Booting EFI in QEMU

2 minute read

How you boot a disk.img (dd’d from a drive) with a EFI bootloader using QEMU.

On a real computer with UEFI firmware, the firmware is built into the computer’s motherboard. This UEFI firmware is responsible for initializing the hardware, finding bootable devices, and then loading and running the EFI boot loaders found on those devices, such as the GRUB boot loader from an EFI System Partition (ESP). When you boot a real computer, the UEFI firmware is already there, performing its role as the bridge between the computer’s firmware and the operating system’s bootloader.

In contrast, QEMU emulates a virtual machine without inherent UEFI firmware; it defaults to a traditional BIOS firmware emulation. This means that without specifying an alternative, QEMU does not natively provide the UEFI boot process your real system’s motherboard firmware does. To emulate a UEFI environment within QEMU, you must explicitly tell QEMU to use an EFI firmware, such as OVMF (Open Virtual Machine Firmware). OVMF is an open-source UEFI firmware designed for use in virtual machines, providing them with UEFI functionality similar to that of real hardware.

From ChatGPT

So we need to find a OVMF. I’ve found a nice notes for How to set up QEMU working properly on M1 Mac (worth checking with Win10 arm64 installation later), where there is a section on building OVMF. Let’s do that.

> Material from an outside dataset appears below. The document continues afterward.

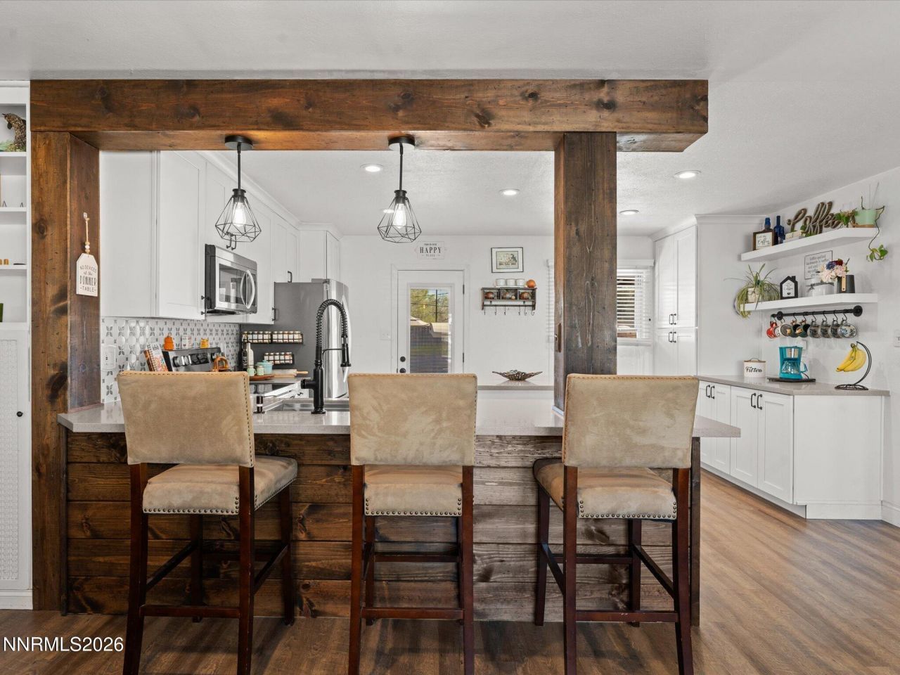 This beautifully updated home offers a thoughtfully redesigned layout and modern upgrades throughout. The seller completely transformed the kitchen by expanding the original footprint and opening up a wall to create a bright, open-concept space with additional seating. The kitchen now features a large center island for meal prep, a spacious breakfast bar, and even a dedicated coffee bar area. With abundant storage and generous counter space, this truly is a chef's kitchen-complete with all-new stainless steel appliances, including a range, refrigerator, dishwasher, and a modern single-basin sink accented by sleek matte black fixtures. The kitchen seamlessly flows into both the family room and a separate living room, highlighted by a charming wood-burning fireplace. This open great room design is ideal for entertaining and everyday living. The bathroom has been completely remodeled with a modern touch, featuring beautiful cabinetry, a farmhouse-style sink, and a tub/shower combo with custom tile work. Additional upgrades include new flooring installed in 2023, a recently installed water heater, and a new window A/C unit. The home also offers a separate laundry room equipped with a sink, cabinetry, and shelving for extra storage. Step outside to enjoy the newly added large concrete patio-perfect for entertaining or relaxing. The exterior has been fully updated with new siding, fresh paint, and new gutters. Need extra storage? This property includes a new 12x16 storage shed along with an additional utility shed. A new side yard fence was installed in 2025/2026, providing added privacy. Situated on an oversized corner lot, there is ample space for RV parking or additional vehicles. The roof was replaced in 2016. The seller's have invested over 72,000 dollars + labor updating their beautiful home with lots of love! Now you can sit back and enjoy all their hard work!! Refrigerator and washer/dryer are included.

Don’t forget to use the latest appropriate tag for edk2.

Here is a Dockerfile to automate the build process:

FROM ubuntu:22.04

RUN apt update
RUN apt install -y gcc-multilib g++-multilib git iasl python3 python3-distutils \
                   uuid-dev make g++ nasm gcc-aarch64-linux-gnu

WORKDIR /code

ARG EDK2_TAG=edk2-stable202402

RUN git clone --branch ${EDK2_TAG} https://github.com/tianocore/edk2.git
RUN cd edk2 && git submodule update --init --recursive

# Credits go to https://gist.github.com/haharoit/a81fecd847003626ef9ef700e4901d15
SHELL ["/bin/bash", "-c"]
RUN cd edk2 && \
    source edksetup.sh && \
    make -C BaseTools && \
    build -a X64 -t GCC5 -p OvmfPkg/OvmfPkgX64.dsc

CMD ["cp", "-v", "/code/edk2/Build/OvmfX64/DEBUG_GCC5/FV/OVMF.fd", "/out"]

Build the image and get the file out by running the container and mounting current directory as /out:

docker build --platform=linux/amd64 -t pfdii-ovmf .

docker run --rm --platform=linux/amd64 -v $(pwd):/out pfdii-ovmf

Then booting with QEMU is just:

qemu-system-x86_64 -m 4G -hda disk.img -boot c -bios OVMF.fd

TBD

These files come with QEMU and look interetsting:

% find /opt/homebrew/ -name \*.fd
/opt/homebrew//Cellar/qemu/8.2.1/share/qemu/edk2-i386-code.fd
/opt/homebrew//Cellar/qemu/8.2.1/share/qemu/edk2-x86_64-secure-code.fd
/opt/homebrew//Cellar/qemu/8.2.1/share/qemu/edk2-i386-vars.fd
/opt/homebrew//Cellar/qemu/8.2.1/share/qemu/edk2-aarch64-code.fd
/opt/homebrew//Cellar/qemu/8.2.1/share/qemu/edk2-arm-vars.fd
/opt/homebrew//Cellar/qemu/8.2.1/share/qemu/edk2-i386-secure-code.fd
/opt/homebrew//Cellar/qemu/8.2.1/share/qemu/edk2-x86_64-code.fd
/opt/homebrew//Cellar/qemu/8.2.1/share/qemu/edk2-arm-code.fd

I managed to run with a combination using:

-drive if=pflash,format=raw,readonly,file=$(find /opt/homebrew/ -name edk2-x86_64-code.fd) \
-drive if=pflash,format=raw,file=$(find /opt/homebrew/ -name edk2-i386-vars.fd)

But it looks like that run overwritten the edk2-i386-vars.fd file inplace and failed to run more (need to investigate it more).